Eğer ki vitrin çalışması değilse...Türkiye açılıyor!
Siyaset arenasında günün moda tabiri “açılım”. CHP, çarşaf,türban açılımı yapıyor. AKP, Alevi açılımı yapıyor. Kimileri bu açılım için “siyaset normalleşiyor” diyor, bazıları da oy avcılığına soyunulduğunu iddia ediyor.
Her iki görüş de doğru olabilir. Açılımlardaki samimiyetin, ne kadar gerçekçi olduğu, sadece siyaset vitrinini düzenleme çalışması mı yoksa dükkanın komple temizliği mi olduğu özellikle yerel seçimlerden sonra belli olacak.
Açılımlara itirazım yok sadece sorularım var;
Madem açacaktınız bugüne kadar neredeydiniz? Daha düne kadar türban konusunda, Alevi hakları konusunda birbirinize tam zıt görüşlerle saldırırken ne oldu da birdenbire siyasetde konum değiştirdiniz, açmaya başladınız?
Yıllarca fırtına kopardınız; “Türkiye laiktir, laik kalacak” sloganı ile meydanlarda bas bas bağırdınız, türban takıyorlar, türbanı siyasi simge yapıyorlar, Atatürk devrimlerini hiçe sayıyorlar diye histeri krizlerine girenler sizler değil miydiniz? Laikliği sadece başı açık olmakla özdeşleştirip, her yerde kendinizi laikliğin koruyucu olduğunuzu iddia etmediniz mi?
AKP, türbanı siyasi simge yaptı diyerek, kapatılmasından yana tavır koymadınız mı? Laikliğe aykırı hareketlerin odak noktası görüp, kapatılması için alkış tutmadınız mı?
Yollarda gördüğünüz her türbanlıya, çarşaflıya tuhaf gözlerle bakarken, kılık kıyafet zabıtalığına soyunurken, bugün Atatürk’ün vesayeti altı oklu rozeti, çarşaflıya, türbanlıya takarak şimdi onlara kucak açmanızın sebebi nedir?

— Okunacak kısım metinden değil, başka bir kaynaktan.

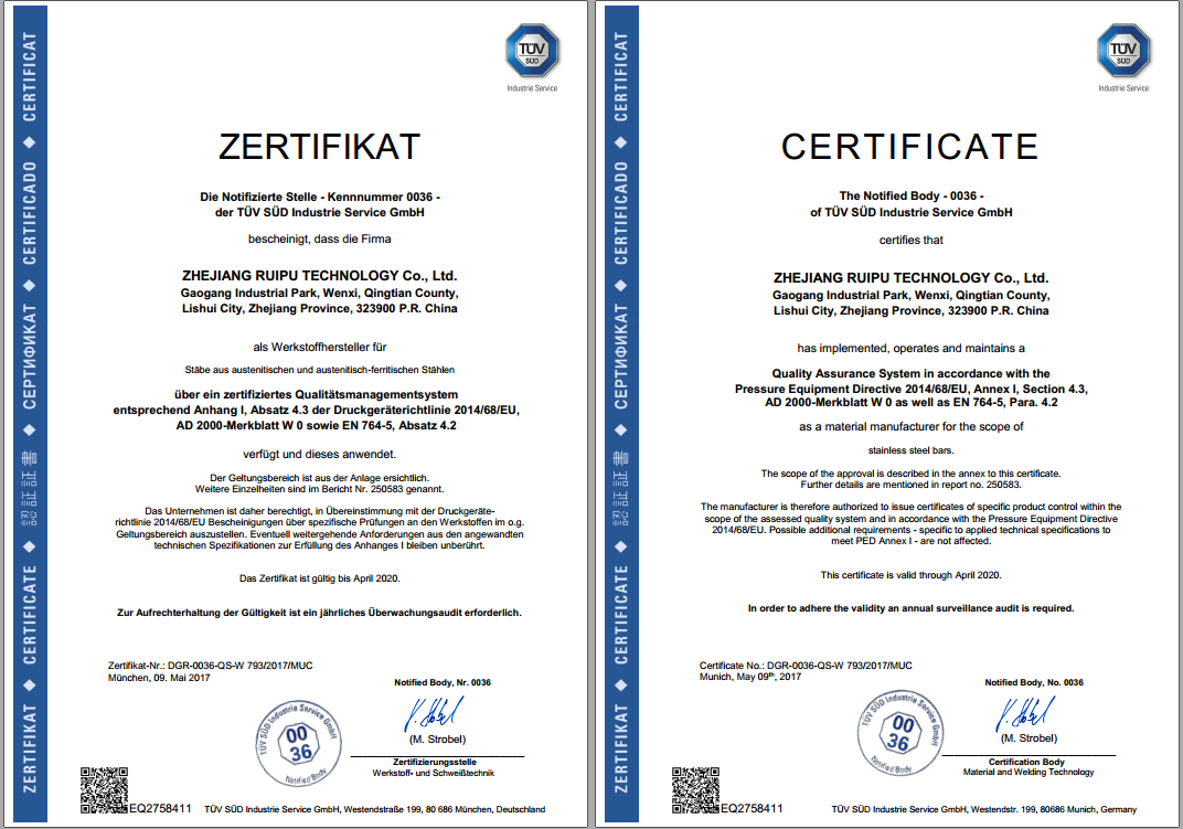 5月17日,经过TÜV SÜD南德认证检测(中国)有限公司前期的一系列现场审核、产品试验以及后期德国TÜV SÜD 总部的审核,浙江瑞浦科技有限公司顺利获得了TÜV SÜD总部颁发的PED和ADWO认证证书。

Türban, çarşaf sorun değildi de, neden Türkiye Cumhuriyeti yurttaşlarını bu sorun üzerinden birbirine kin ve nefretle doldurdunuz? Neden halkın kutuplaşmasına sebep oldunuz? Neden toplumu uzlaştıracak yerde ayrıştırdınız?
Yüzyıllarca Alevi toplumunu olmadık tabularla yargıladınız, dışladınız, ezmeye çalıştınız. Alevi çocuklara zorla Sünni eğitimi verdiniz, Alevilerin ibadet yeri olan cemevi ve Alevi köylerine cami yapılmaması gibi pek çok taleplerini “uç nokta” olarak değerlendirdiniz. Şimdi ne oldu da birden bire ”Alevi açılımı” dilinizden düşmez oldu.

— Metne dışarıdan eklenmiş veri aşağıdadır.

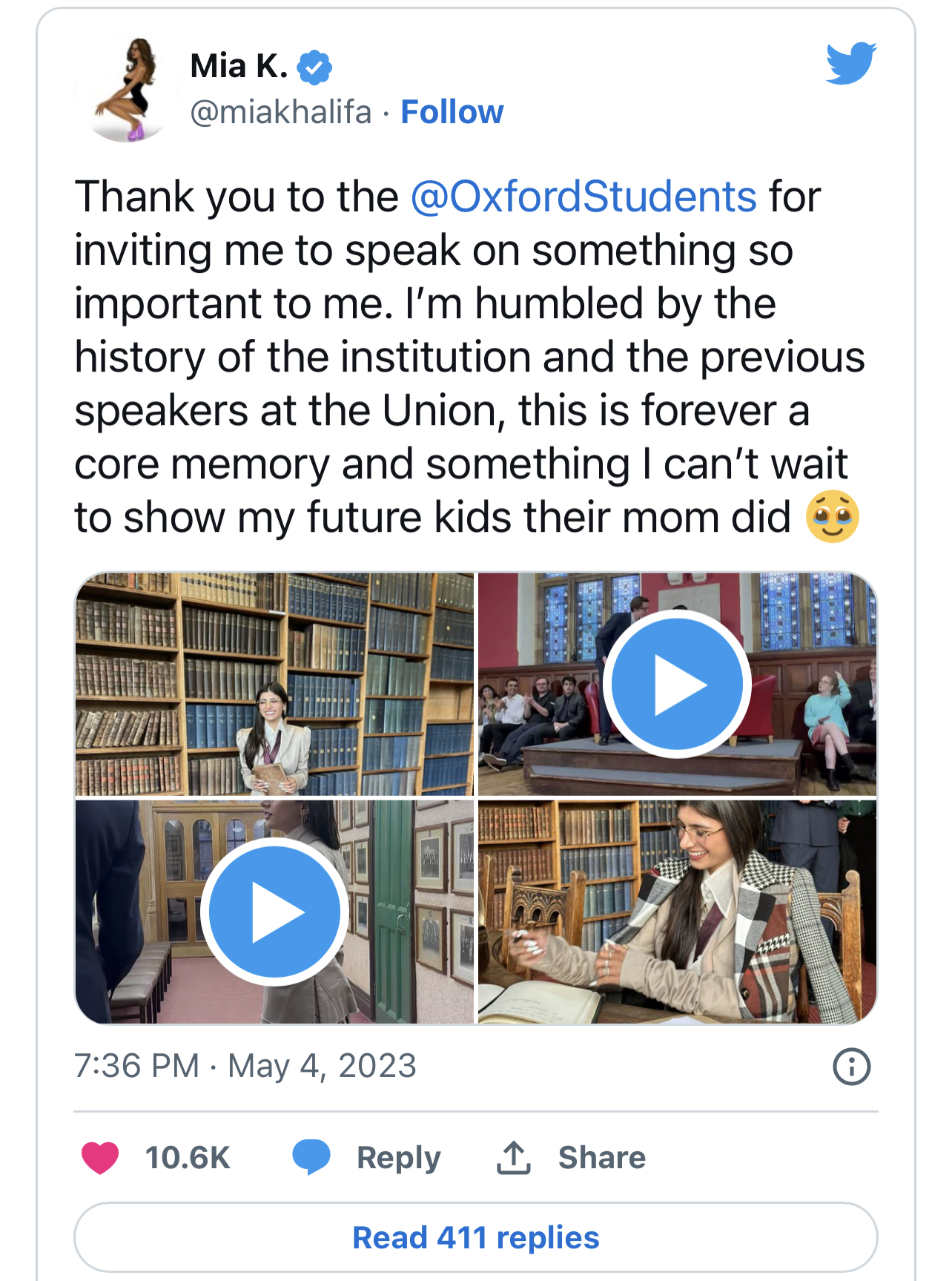 “Për mua do të jetë gjithmonë një kujtim fantastik dhe diçka që mund t’ia tregoj fëmijëve të mi në të ardhmen. Falënderoj universitetin që më dha mundësinë të flas në një godinë kaq historike. Ndihem e nderuar dhe e frymëzuar për pasionin që ka ky universitet për të sjellë ndryshimin e vërtetë në botë dhe që përzgjedh një listë kaq të diversifikuar të oratorëve”, shkruan Mia Khalifa në Twitter.

22 Temmuz öncesi ordunun e-muhtırasını demokrasiye çelme olarak nitelendirirken, Aktütün sonrası gösterilen parmakla nasıl da birdenbire duracak yerinizi değiştirdiniz? Milliyetçi oyları kazanma telaşı ile nasıl da es geçtiniz Kürt sorununu, “tek millet, tek vatan, tek bayrak” sloganına bürünüverdiniz?
Sormazlar mı?…“bunlar siyasetin vitrin düzenleme çalışmalarıdır, dükkanın arka tarafı ne alemde” diye.
Eğer açılımsa; açın bakalım geride kalanları, açın ve sorgulayın 12 Eylül’ü, Ergenekon’un derinlerine de inin, Susurluk, faili meçhuller, Madımak, Maraş, Çorum ve Malatya katliamları, Hrant Dink suikasti, Santoro cinayeti…açın bakalım tüm yolsuzluk dosyalarını, hayali ihracatları, gemileri, mısırları, parmaktaki balların kaynağını.
Eğer açılımsa ; sorgulayın bakalım 30 yıldır dinmeyen terörün sebep ve müsebbiplerini, Türkiye’nin belini büken askeri harcamaları, cezaevlerindeki işkenceden ölümleri, insan hakları ihlallerini.
Eğer açılımsa; açın demokrasinin önünü…dükkanın arkasını da temizleyin.
Açılımsa ; açın tüm Türkiye’nin önünü, ama en başta da kendinizi açın !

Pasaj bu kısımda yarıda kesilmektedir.